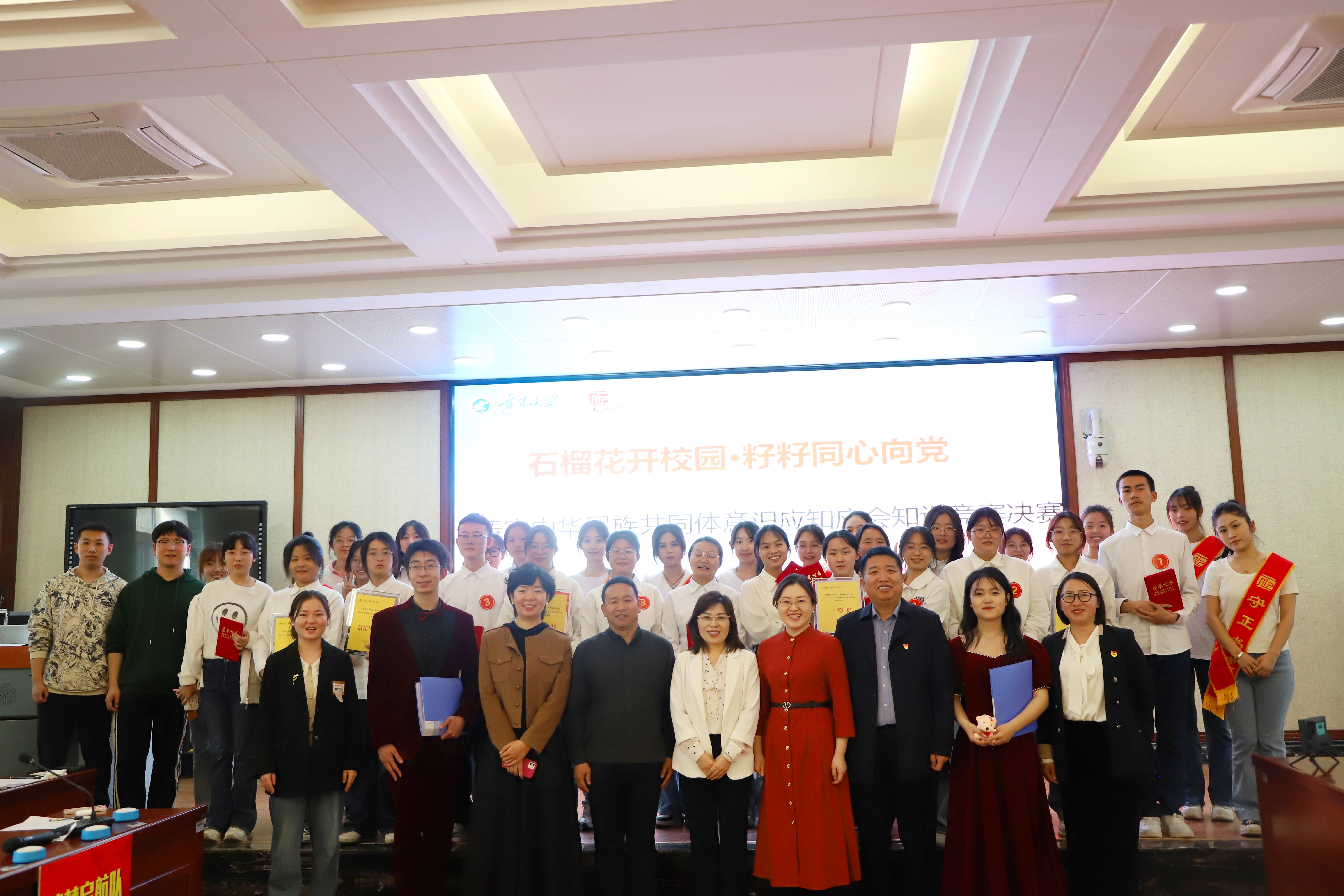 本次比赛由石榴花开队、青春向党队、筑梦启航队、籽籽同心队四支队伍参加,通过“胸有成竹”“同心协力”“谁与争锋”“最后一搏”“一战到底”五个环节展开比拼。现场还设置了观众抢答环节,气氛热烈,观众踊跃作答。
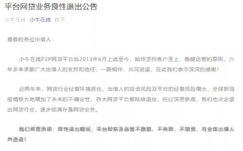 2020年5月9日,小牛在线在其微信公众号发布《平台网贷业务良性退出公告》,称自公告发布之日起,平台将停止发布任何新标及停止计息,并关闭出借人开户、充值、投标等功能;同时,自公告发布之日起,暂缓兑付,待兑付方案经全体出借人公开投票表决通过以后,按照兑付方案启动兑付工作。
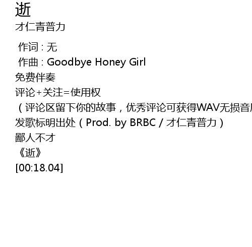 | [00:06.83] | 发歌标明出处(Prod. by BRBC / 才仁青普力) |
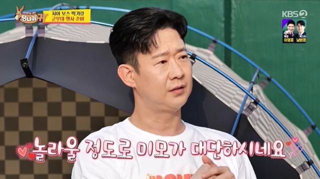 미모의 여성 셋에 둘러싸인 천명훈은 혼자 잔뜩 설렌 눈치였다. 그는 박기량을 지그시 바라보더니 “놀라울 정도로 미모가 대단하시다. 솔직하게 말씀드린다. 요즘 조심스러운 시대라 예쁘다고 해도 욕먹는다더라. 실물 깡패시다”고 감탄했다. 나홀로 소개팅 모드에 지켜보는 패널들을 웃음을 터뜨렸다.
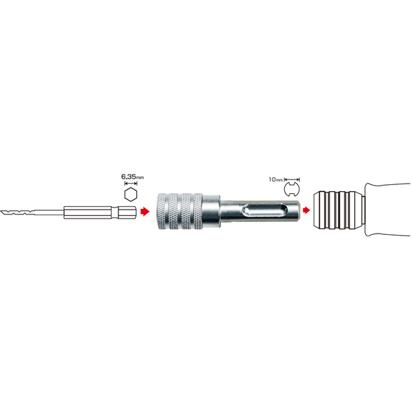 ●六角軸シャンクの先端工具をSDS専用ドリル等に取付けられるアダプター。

○ ○ ○

Beginning with the first line of the records and ending with the line that contains "2020年5月9日,小牛在线", reproduce every line exactly, omitting pictures and adding nothing.

 本次比赛由石榴花开队、青春向党队、筑梦启航队、籽籽同心队四支队伍参加,通过“胸有成竹”“同心协力”“谁与争锋”“最后一搏”“一战到底”五个环节展开比拼。现场还设置了观众抢答环节,气氛热烈,观众踊跃作答。
 2020年5月9日,小牛在线在其微信公众号发布《平台网贷业务良性退出公告》,称自公告发布之日起,平台将停止发布任何新标及停止计息,并关闭出借人开户、充值、投标等功能;同时,自公告发布之日起,暂缓兑付,待兑付方案经全体出借人公开投票表决通过以后,按照兑付方案启动兑付工作。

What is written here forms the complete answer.